Although dualism and nondualism describe two different experiences of
the world, it is not simply a recapitulation of the materialist-idealist
divide (which is simply another dualism). As David Loy remarks:

none
of these three [Buddhism, Taoism, Vedānta] denies the dualistic
‘relative’ world that we are familiar with and presuppose as ‘common
sense’: the world as a collection of discrete objects, interacting
causally in space and time. Their claim is rather than there is another,
nondual way of experiencing the world, and that this other mode of
experience is actually more veridical and superior to the dualistic mode
we usually take for granted. The difference between such nondualistic
approaches and the contemporary Western one (which, given its global
influence, can hardly be labelled Western any more) is that the latter
has constructed its metaphysics on the basis of dualistic experience
only, whereas the former acknowledges the deep significance of nondual
experience by constructing its metaphysical categories according to what
it reveals.

What
is proposed, therefore, is to begin to understand certain forms of
alchemy as an expression of a nondual experience of (and engagement
with) the world, not only with regard to the dualities of spirit and
matter, but also their corollaries: subjective experience and objective
experiment. As Prussian poet and Kulturphilosoph Jean Gebser
observes with regard to the structures of consciousness that underpin
entire modalities of civilisation, nondualistic or aperspectival
epistemologies do not exclude but integrate more perspectivally-bound epistemologies within a diaphanous whole. [ What
this means is that apparent dualities are not ultimate; rather, they
are relative expressions of a deeper reality that is ultimately free
from the limitations of dualism and opposition. It means that one can
see all things in the ‘ultimate’ reality, and reciprocally, the
‘ultimate’ reality in all things. It is to see, with Blake, ‘a World in a
Grain of Sand’ and ‘Eternity in an hour’.  According
to this view, one eventually fails to distinguish between the ultimate
and the relative in a rigidly dualistic way, abandoning the attribution
of any inherent ontological primacy to one or the other. Because there
is no longer any essential contradiction or opposition
perceived to exist between them, so-called ‘material’ and ‘spiritual’
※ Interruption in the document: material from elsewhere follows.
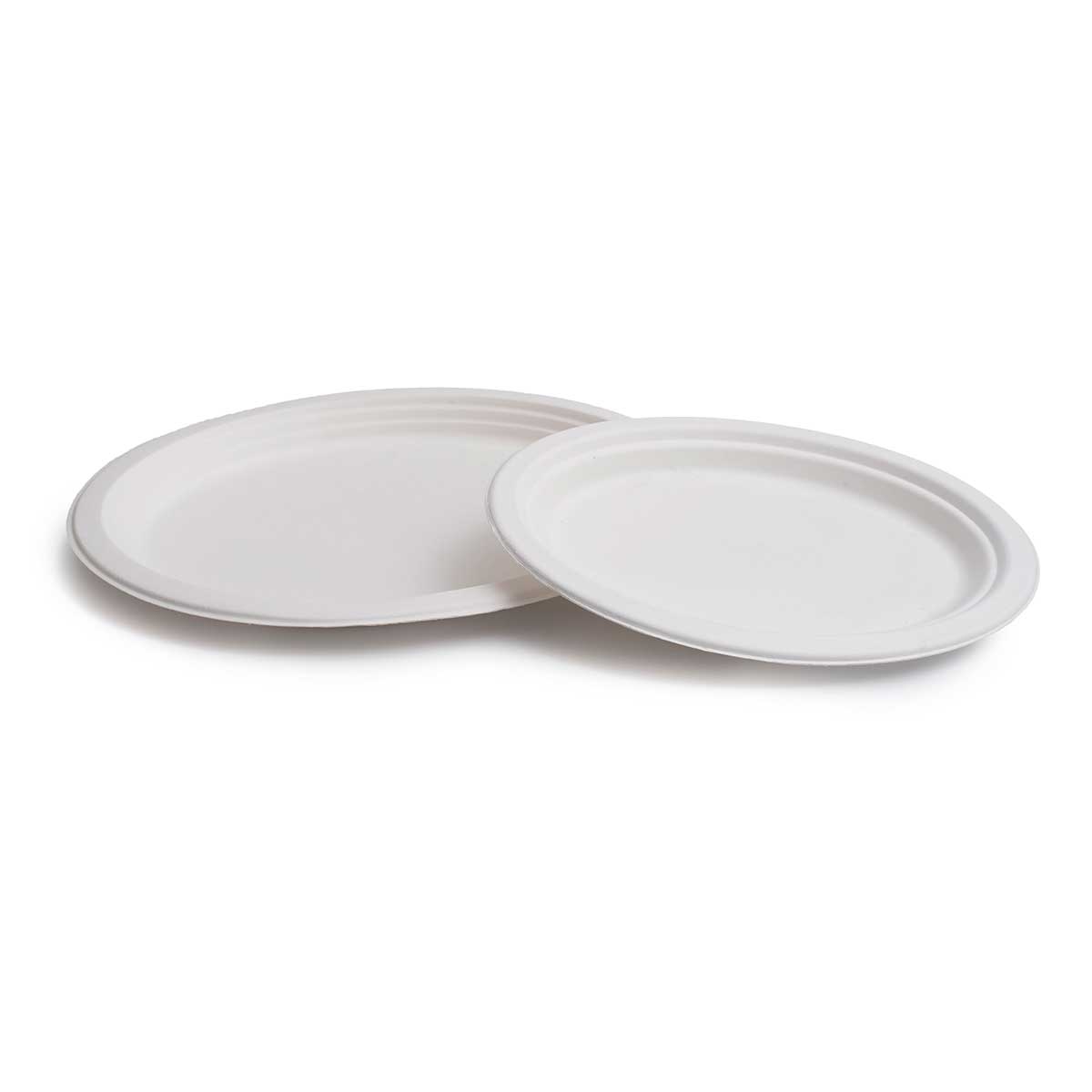 Los platos fabricados a partir de las fibras de la caña de azucar son 100 % compostables y biodegradables. Son la perfecta sustitución al plato de cartón o de plástico y está disponible en múltiples medidas y en varios colores.

realities become co-present, interdependent expressions of a deeper,
‘existentiating’ field of being. What
is more, according to the ancient epistemology ‘like knows like’, the
nondual, aperspectival or integral nature of reality, in both its
relative and ultimate expressions, can only be known by the nondual,
aperspectival or integralconsciousness. It is in this sense that alchemy, in its more profound sense, necessitates a metaphysics of perception.